We dove deeper, into the tangled maze of a labyrinth. We skimmed over a valley, and plunged into another arroyo. One moment we were swimming through a gully, the next instant Solei was shoving me into a narrow gap in the rocks. My tail caught on a boulder, stopping our progress.

“Jesus, Rowan—you think you can help?” Solei thwacked at my tail with her own, knocking me loose, and shoved me forward again. “Keep acting like we’ve got all damn day, I’m really loving this.”

The tunnel was almost too small for my body to fit through, but the passageway led to an ingress. Unbelievable. I’d never seen a redoubt entrance this compressed. Even the oldest song caves in Llyr weren’t this cramped.

Solei didn’t know how to open a summoning barrier, and I was too exhausted to power a sending. She wedged me into a crevice and wriggled into the space left beside me, both of us tucked as deep into the tunnel as possible.

My penance mark burned again, and then glowed silvery white. Solei leaned against me and covered the lines with her back. Her voice came low as a growl. “Awesome. Just awesome. You can’t make that stop?”

“I’m sorry.” My words slurred so much, I was sure I didn’t make any sense. My face tipped against the rock, and I blacked out.

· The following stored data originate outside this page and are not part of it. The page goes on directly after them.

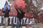 Suporter Arema FC (Aremania) menyalakan api suar (flare) saat berunjuk rasa dan memblokir jalan di perempatan jalan Ciliwung, Malang, Jawa Timur, Minggu (4/12/2022). Unjuk rasa dengan memblokir jalan selama dua jam yang dilakukan Aremania di sejumlah titik di Kota Malang tersebut merupakan bentuk protes terhadap aparat penegak hukum atas penanganan kasus Tragedi Kanjuruhan yang dinilai jalan di tempat. ANTARA FOTO/Ari Bowo Sucipto/aww.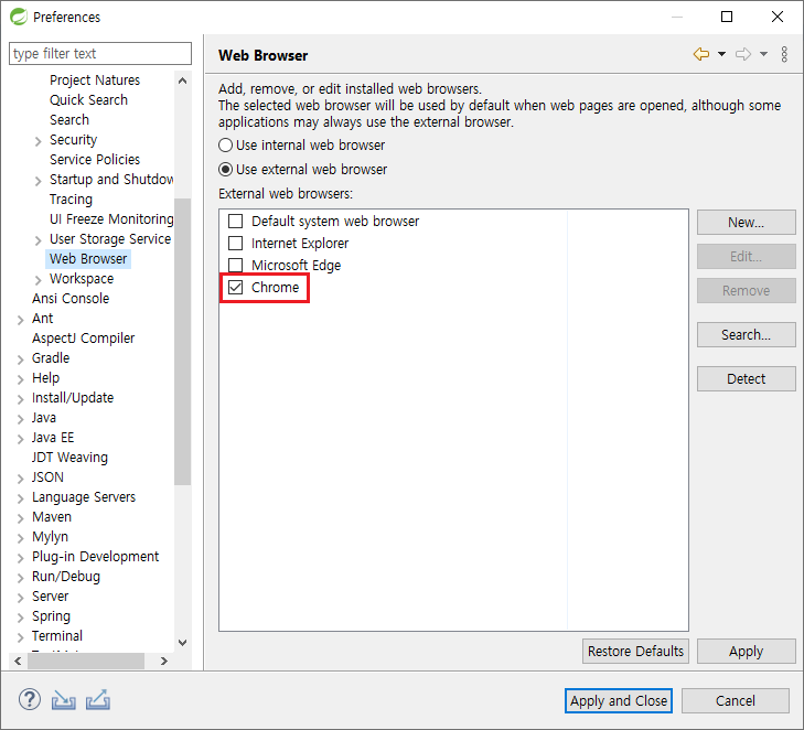 아래와 같은 설정을 통해 외부 브라우저인 크롬을 사용해주도록 하자.
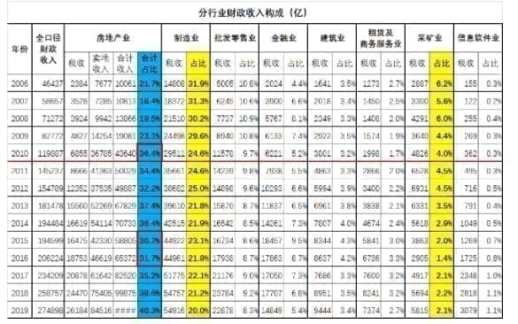 老蛮写道,本文将就各大行业的财政贡献比值从2006-2019年的演变趋势做一个分析。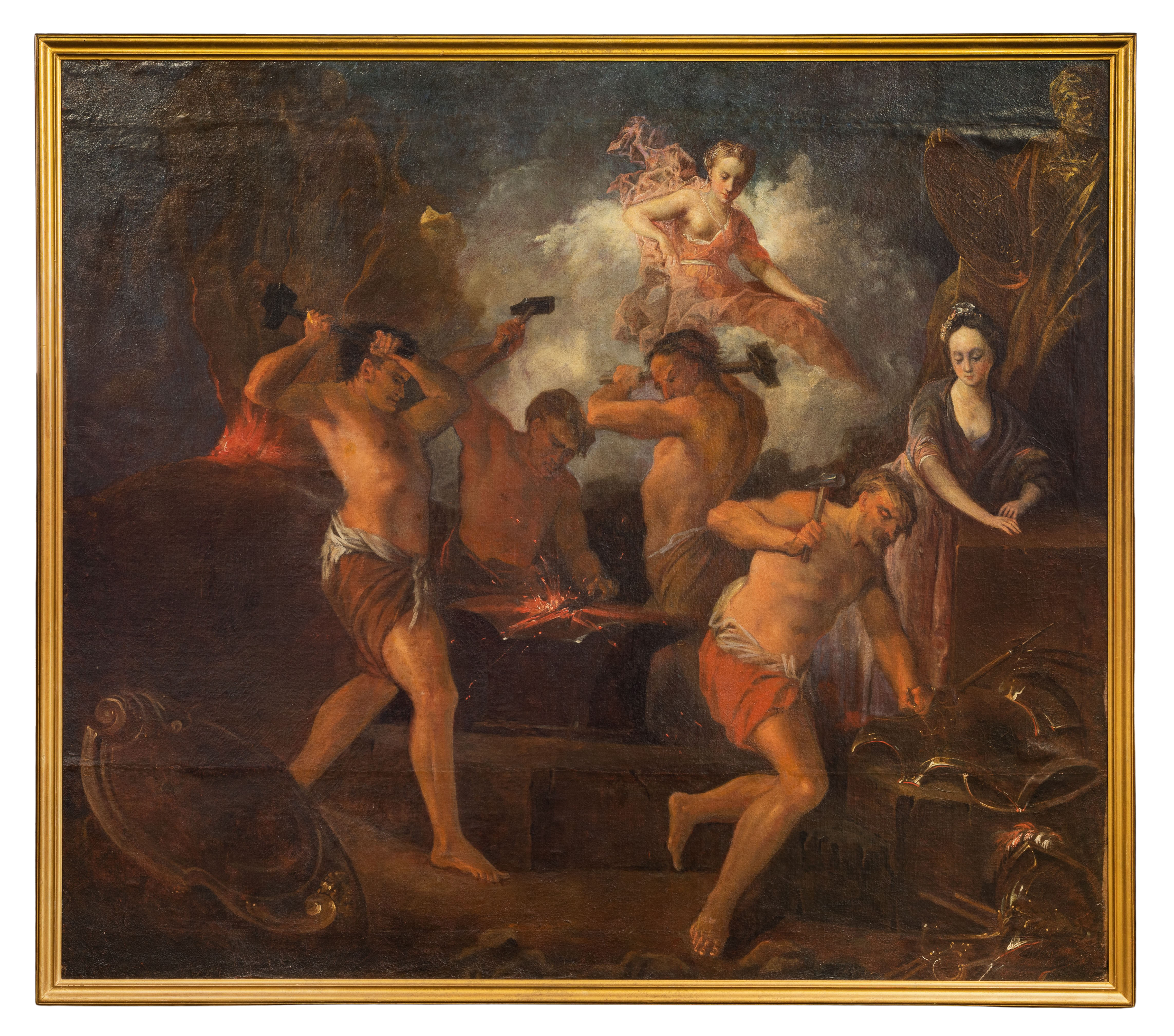 Undated, unsigned, depicting a scene in a forge, in wood frame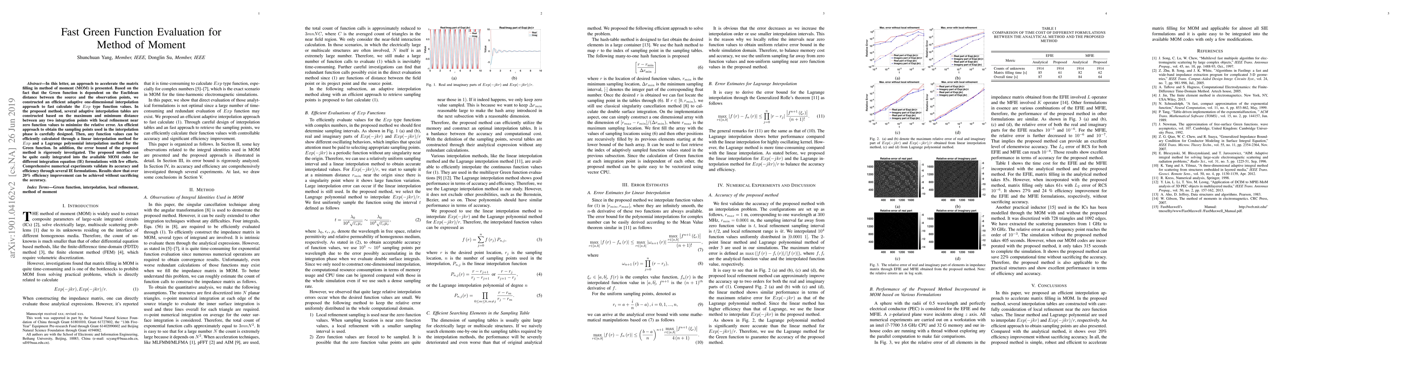 In this letter, an approach to accelerate the matrix filling in method of moment (MOM) is presented. Based on the fact that the Green function is dependent on the Euclidean distance between the source and the observation points, we constructed an efficient adaptive one-dimensional interpolation approach to fast calculate the $Exp$ type function values. In the proposed method, several adaptive interpolation tables are constructed based on the maximum and minimum distance between any two integration points with local refinement near zero function values to minimize the relative error. An efficient approach to obtain the sampling points used in the interpolation phase is carefully designed. Then, any function values can be efficiently calculated through a linear interpolation method for Exp and a Lagrange polynomial interpolation method for the Green function. In addition, the error bound of the proposed method is rigorously investigated. The proposed method can be quite easily integrated into the available MOM codes for different integration equation (IE) formulations with few efforts. Comprehensive numerical experiments validate its accuracy and efficiency through several IE formulations. Results show that over 20% efficiency improvement can be achieved without sacrificing the accuracy.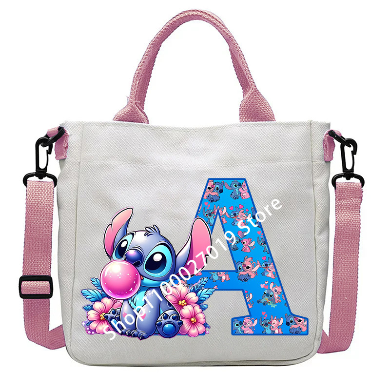 Stitch Bolsa De Lona Letra A ~ Z Moda Sacola Fofa Impressa crossbody Ombro Presente De Aniversário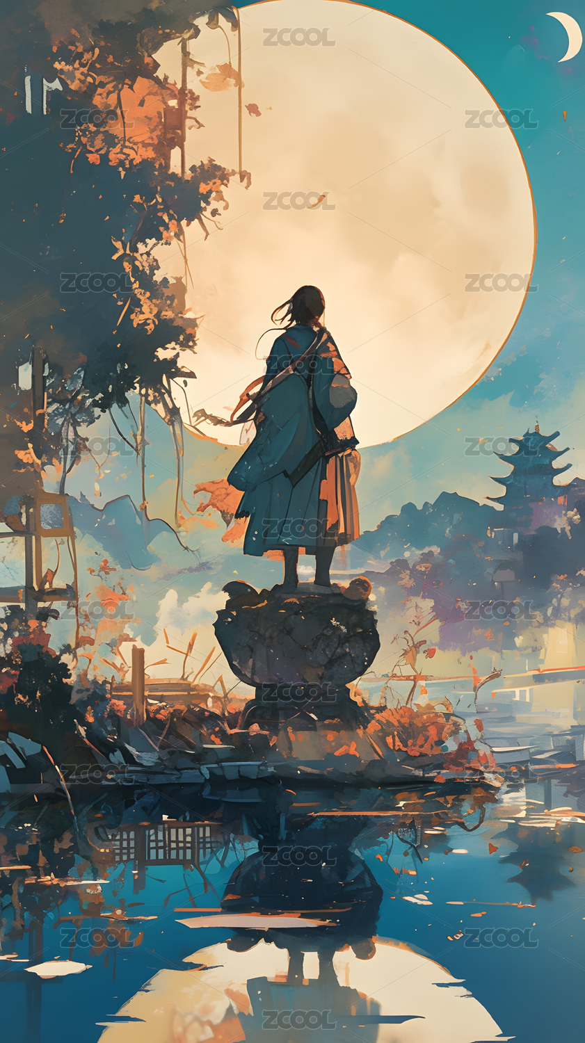 冥想,蓝色,艺术,剪影,月夜,空间,幽静,景色,树木,天空

I woke in a cave barely big enough for two people, an ancient rock room about seven feet square.

Solei lay curled up beside me, fast asleep. She had her human coloring again, and she still wore her spear on her back. She must’ve lit the kalya before she’d closed her eyes, because the tiny orb rested on the stone floor between us. The soft glow illuminated the smooth ceiling and walls, which were absent of runes.

Solei had legs, but I still had a tail, a sign I’d been too depleted of magic to change. Having rested and regained some of my strength, I transitioned and sat up.

Before I reached out to the walls, I checked the strap on my back, to make sure Ceto’s egg remained nestled in the atlatl pocket. Then I ran my hands along the interior of the cave, stood and brushed my palms over the ceiling, but there weren’t any glyphs carved in the rock. No way to tell who’d made this room, or how we’d gotten inside, but I remembered Solei shoving me toward an ingress. She must’ve figured out how to open the summoning barrier, and pushed me through.

I thought about jostling her shoulder, to wake her and tell her nice job. But she looked so peaceful and content that I left her alone.

A seep spring and hearth stone occupied one corner of the floor. Famished, I set about cooking a disc of hrichka.

With a simple crafting spell, I shaped one of the varkina from my belt into the form of a pan, added water from the spring, and fired the hearth stone.

Ten minutes later, the smell of cooked hrichka woke Solei, and she slid over to study my work without speaking.

“How’d you get me in here?” I asked.

She gave me a cryptic expression, the kind that meant she didn’t appreciate being asked.

“You opened the barrier, and pushed me in?”

Solei quirked a brow. Gave me a look like, Of course, and dropped her gaze to the food again, obviously as hungry as I was.

We ate the hrichka straight from the pan without speaking. I thought about making borren, but then I removed another disc of hrichka from my belt, and cooked us a second meal, which we devoured as quickly as the first.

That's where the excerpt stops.